**Data excerpt**
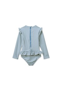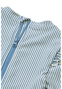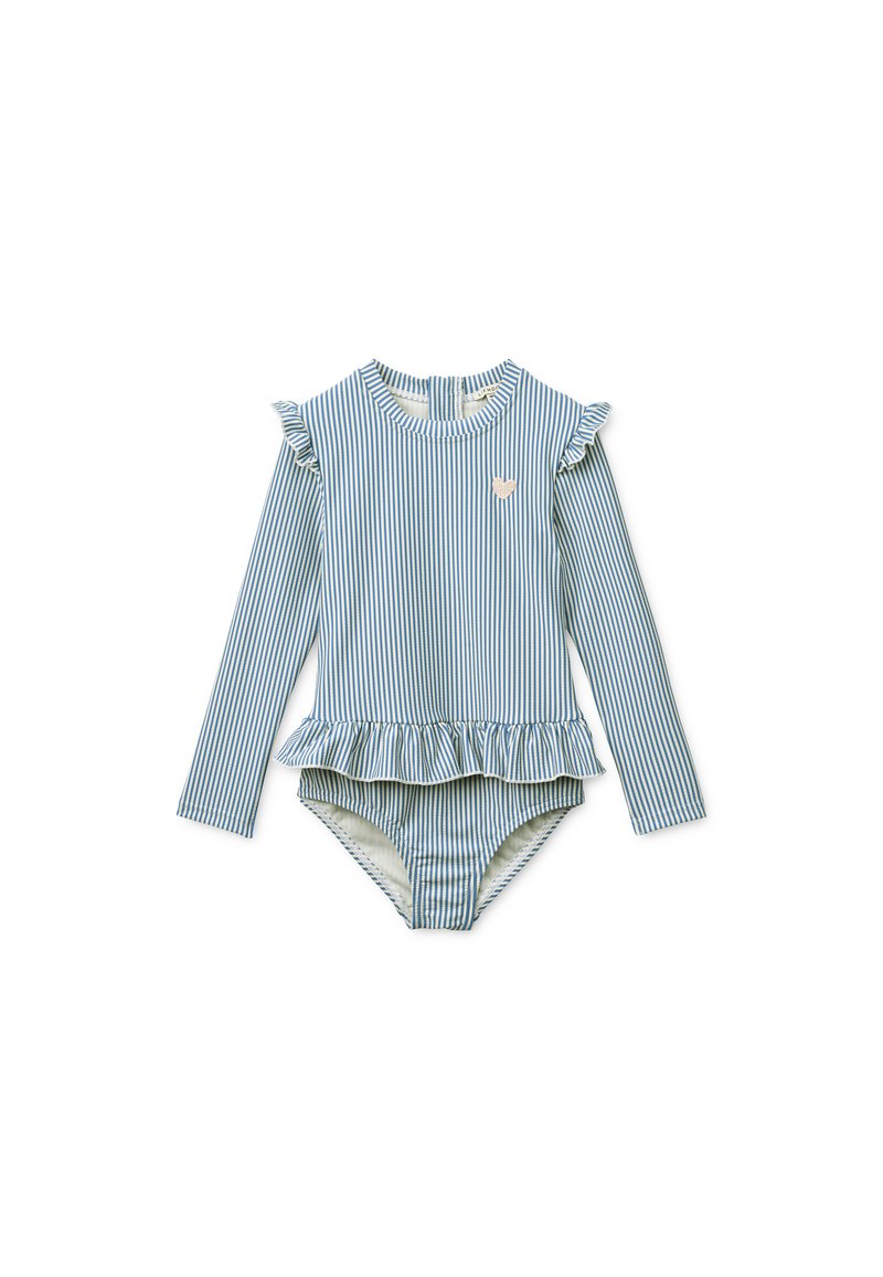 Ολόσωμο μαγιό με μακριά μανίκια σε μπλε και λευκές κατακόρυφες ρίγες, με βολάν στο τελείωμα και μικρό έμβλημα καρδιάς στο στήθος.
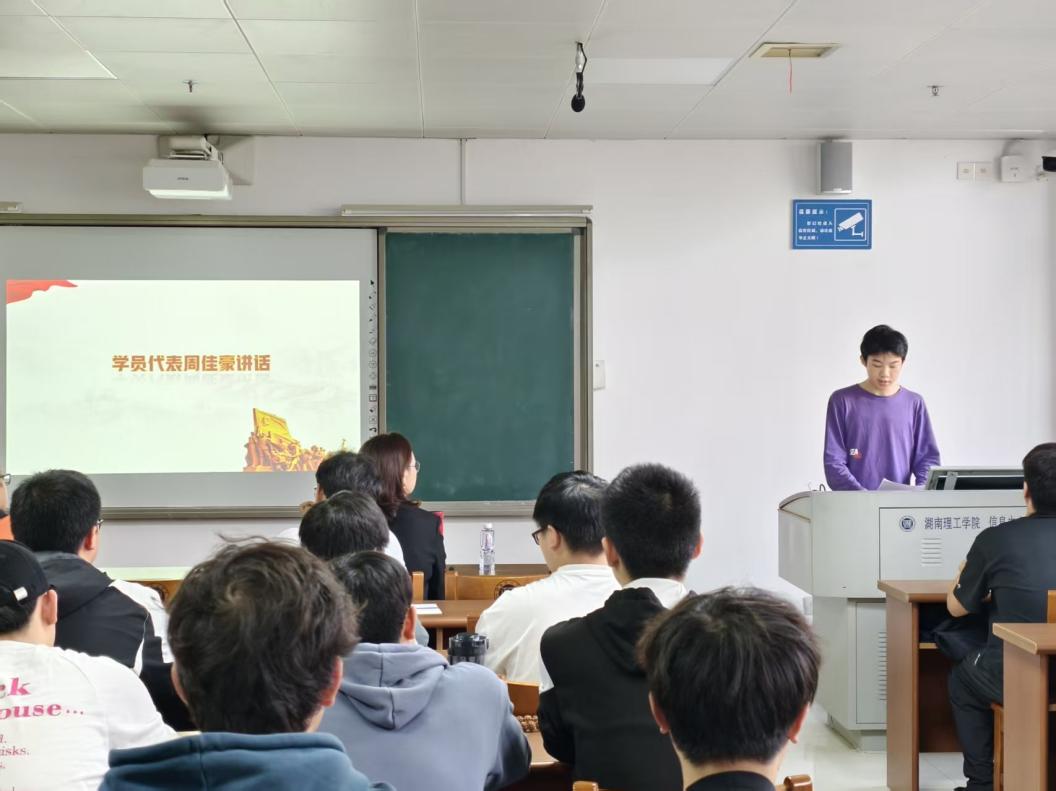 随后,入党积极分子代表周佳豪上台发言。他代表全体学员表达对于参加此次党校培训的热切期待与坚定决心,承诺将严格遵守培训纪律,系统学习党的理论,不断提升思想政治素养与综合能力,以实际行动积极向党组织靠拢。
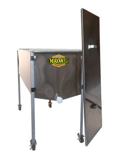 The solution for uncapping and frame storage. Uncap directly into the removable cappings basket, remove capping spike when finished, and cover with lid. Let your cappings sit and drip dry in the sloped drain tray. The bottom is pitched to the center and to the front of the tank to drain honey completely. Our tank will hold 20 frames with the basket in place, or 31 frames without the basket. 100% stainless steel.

**Directions**
Beginning with the line containing "随后,入党积极分子代表周佳豪" and ending with the last line of the data above, repeat each line exactly. Include no pictures and no other lines.

**The answer**
 随后,入党积极分子代表周佳豪上台发言。他代表全体学员表达对于参加此次党校培训的热切期待与坚定决心,承诺将严格遵守培训纪律,系统学习党的理论,不断提升思想政治素养与综合能力,以实际行动积极向党组织靠拢。
 The solution for uncapping and frame storage. Uncap directly into the removable cappings basket, remove capping spike when finished, and cover with lid. Let your cappings sit and drip dry in the sloped drain tray. The bottom is pitched to the center and to the front of the tank to drain honey completely. Our tank will hold 20 frames with the basket in place, or 31 frames without the basket. 100% stainless steel.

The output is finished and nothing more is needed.